Iniciativa do Póscom é destinada a alunos de jornalismo e vale como crédito de atividade complementar

18/02/2016 21h10 - última modificação 19/02/2016 18h21

Já estão abertas as inscrições para as Oficinas de Leitura que o Programa de Pós-graduação em Comunicação (Póscom) promove para alunos do curso de Jornalismo. O objetivo é possibilitar espaços de leitura e discussão de obras clássicas das narrativas contemporâneas. O destaque é para trabalhos que se situam na fronteira com o jornalismo de grandes reportagens, literatura de não-ficção e em torno de temas relevantes na atualidade.

“Trata-se de uma atividade que pretende enriquecer a formação intelectual do aluno com ampliação do conhecimento literário”, incentiva professor José Salvador Faro. As inscrições são livres e podem ser feitas pelo email do próprio professor-coordenador. A atividade se estende da primeira semana de março à última semana de maio e vale como crédito de atividade complementar.

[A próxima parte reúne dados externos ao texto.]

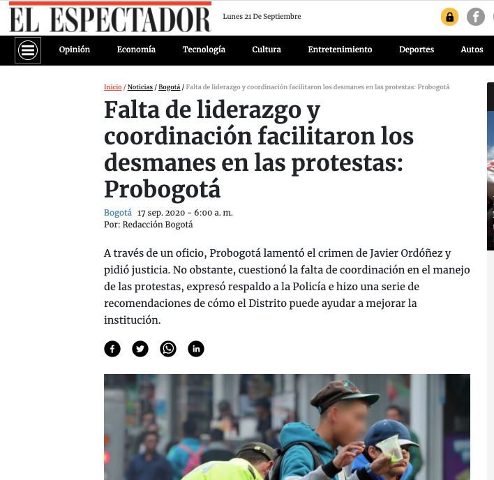 Probogotá lamentó el crimen de Javier Ordóñez y pidió justicia. No obstante, cuestionó la falta de coordinación en el manejo de las protestas.

De Truman Capote a Daniela Arbex, os alunos contam com oficinas em horários alternativos às aulas e podem fazer uma ou mais oficinas. Os trabalhos são conduzidos por mestrandos e doutorandos do Póscom e procuram sanar uma lacuna na formação dos estudantes - um contato maior com textos que se caracterizam pela força descritiva, matéria-prima de todos os que querem aperfeiçoar a capacidade de expressão linguística. Não há bom repórter que possa se despreocupar com isso.

OFICINAS DE LEITURA

Obra: A Sangue Frio, de Truman Capote     

Responsável: J. S. Faro (poscom@jsfaro.net)

A história: O assassinato de uma família inteira ocorrido em 1959 numa cidade do meio oeste dos Estados Unidos é o tema do livro- reportagem que Capote transformou numa das principais obras da literatura contemporânea. Responsável por uma forte influência na fixação das características do new journalism, a obra inaugura também a novela de “não-ficção”, narrativa que transforma a apuração jornalística em processo que convive com os códigos da literatura, abrindo amplo espaço para a criatividade linguística do repórter.

Metodologia: A oficina será desenvolvida com base em relatos das experiências da leitura da obra feita de forma sistemática entre uma sessão e outra de atividades. Espera-se que os oficineiros recolham trechos de forte expressão estética e jornalística e submetam-nos à apreciação e à discussão coletiva. As sessões também terão um coro narrador formado por dois oficineiros que desenvolvam oralmente o desenrolar da obra a partir das seguintes questões: O que aconteceu até aqui? Qual o núcleo dramático da narrativa de Capote com o qual ele conduz a reportagem? Quais os momentos de maior brilho na construção textual do autor?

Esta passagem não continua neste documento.